Hasan did many of the things that Cho and Harris and Klebold did. He showed signs. He was giving away things. He exhibited serious personality shifts.
The problem is that we are not attuned to picking up those warning signs, in part because they could be a hundred-thousand other, less lethal things. We do not know why someone at the post office finally goes "postal." We do not track gun purchases and mental health histories well enough to set off alarm bells when someone is arming themselves who shouldn't be in the possession of a firearm because NRA lobbyists connect any form of monitoring with the inalienable right for Bubba in Biloxi to hold on to his rifle and six pack in a duck blind on a cold November morning.
It is too easy to lay off a tragedy with labels that are comfortable to us.
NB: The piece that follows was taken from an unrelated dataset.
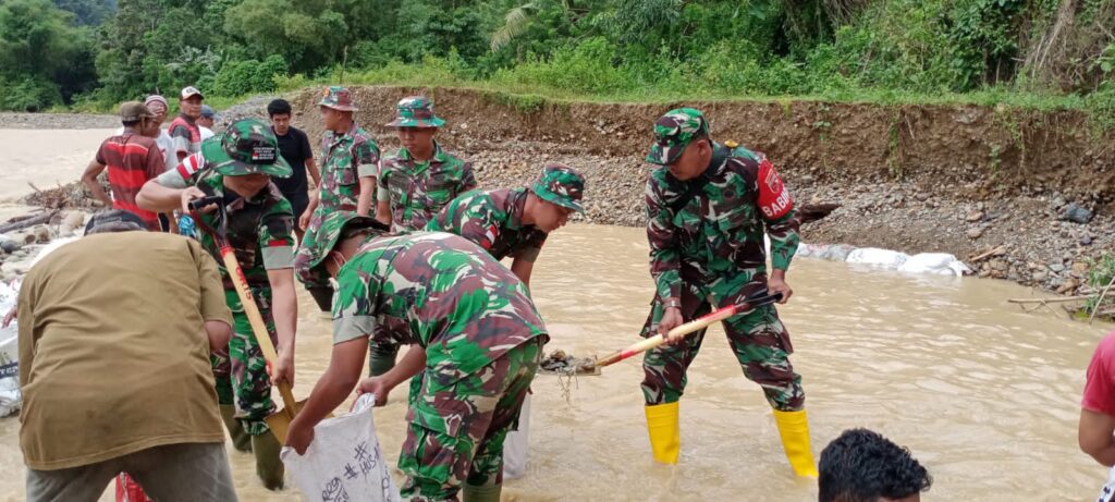 Global Cyber News.Com|[Maluku Tengah] – Anggota Satgas Kodim Maluku Yonarhanud 11/WBY Pos Ramil Wakal bersama warga bergotong royong membuat tanggul darurat dengan karung yang berisikan tanah dan batu dalam rangka mengantisipasi adanya gelombang tinggi dan banjir susulan di Negeri Kaitetu, Kecamatan Leihitu, Kabupaten Maluku Tengah, Minggu (17/7/2022).

I checked in with my avid Fox News junkie at the gym. Hasan is a "terrorist" and he "wrote about supporting terrorism." That is the final word from Average Joe, burned into his brain because the media served up a Twinkie story, misdirecting the public, and giving them a simple verdict that catered to their fears.
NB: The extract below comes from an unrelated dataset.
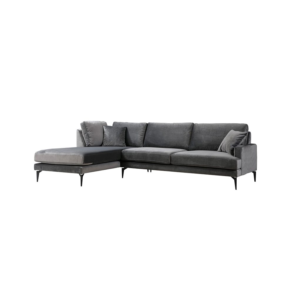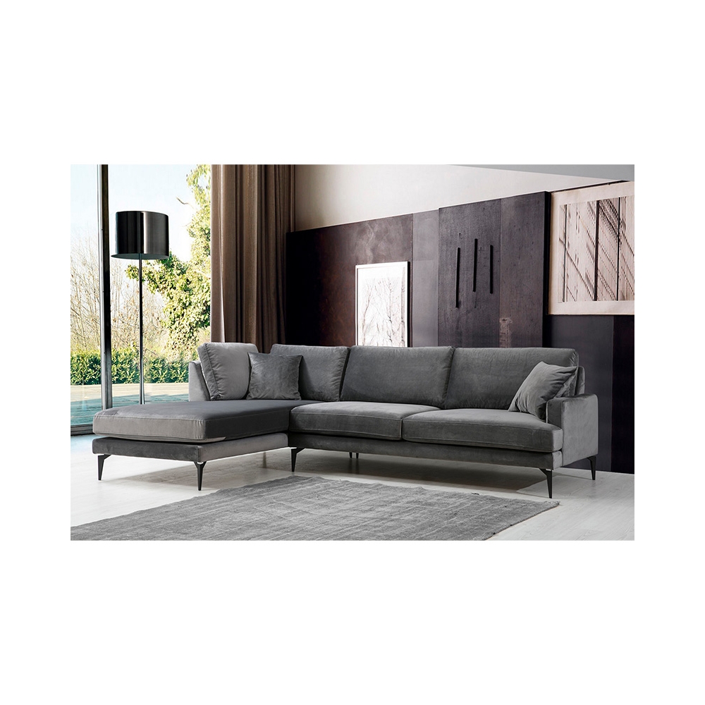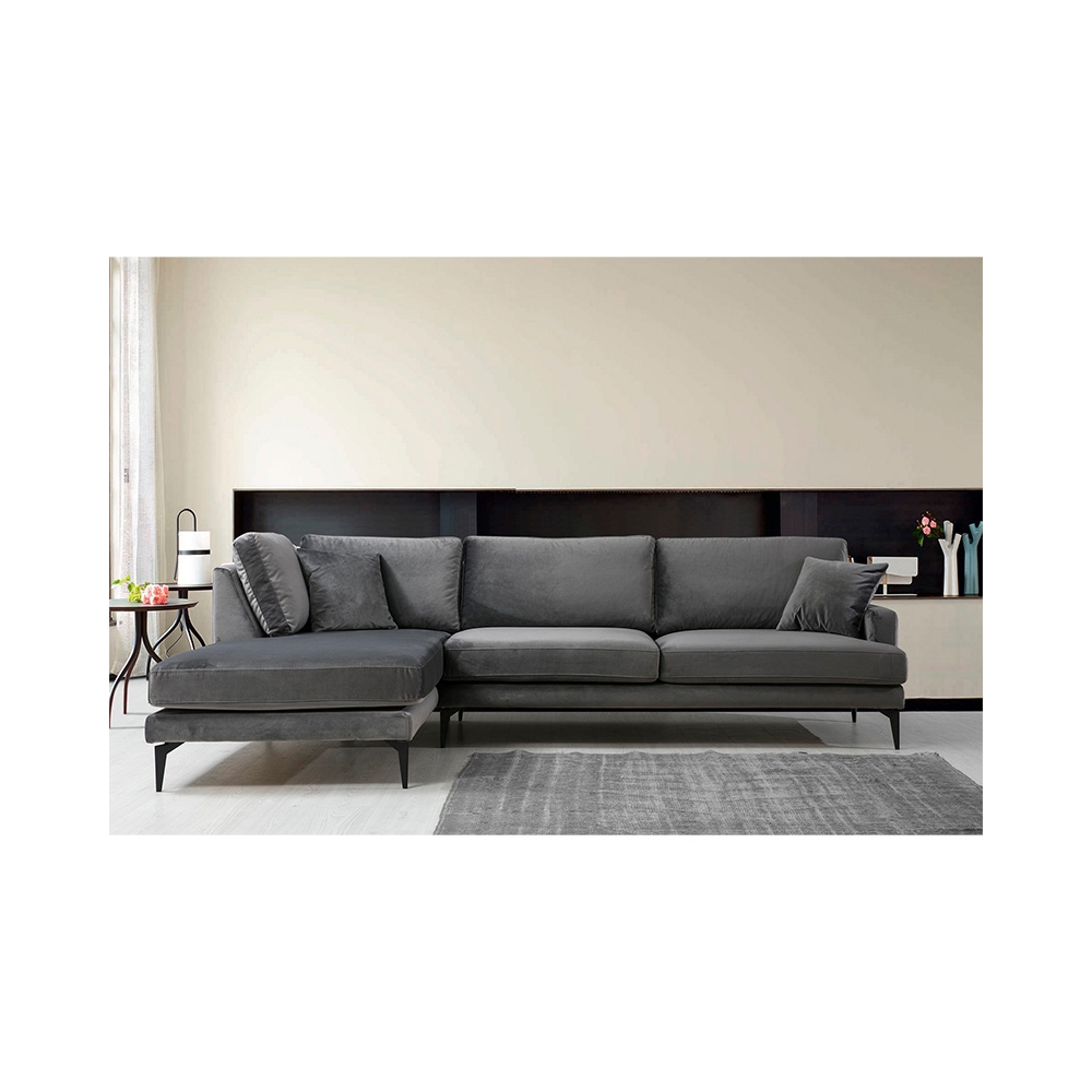 Γωνιακός καναπές Fortune pakoworld δεξιά γωνία βελούδο ανθρακί-μαύρο 283x180x88εκ

The Times should have verified the blog as belonging to Hasan instead of reporting the sensational quote and back-pedaling away from it with "It could not be confirmed, however, that the writer was Major Hasan."
During the Virginia Tech shootings, the more adept NYT team covering that story at least managed to achieve some balance when they ended their background on Cho with:
The single deadliest shooting in the United States came in October 1991, when George Jo Hennard crashed his pickup truck through the window of a Luby's cafeteria in Killeen, Tex., then shot 22 people dead and wounded at least 20 others. He shot himself in the head."
Why is Hennard not as infamous as Hasan, Cho, Harris or Klebold? Because the folks at Luby's in Kileen watching the news and eating their macaroni and cheese might find that a whole lot harder to swallow than a crazed Arab terrorist shooting up their military base.
White people do not like seeing themselves as being able to be that deranged, that awful, even though, by simple population dynamics alone, more often than not, Caucasians are the shooter, the mass murderer, the teen killer.
Perhaps it is time to revisit our treatment of these tragedies and find some balance in the coverage. Maybe we need to stop, and vet even the word of the FBI before we rush to beat the next guy to the story.
The truth is out there. It is just getting lost in the rush to be first.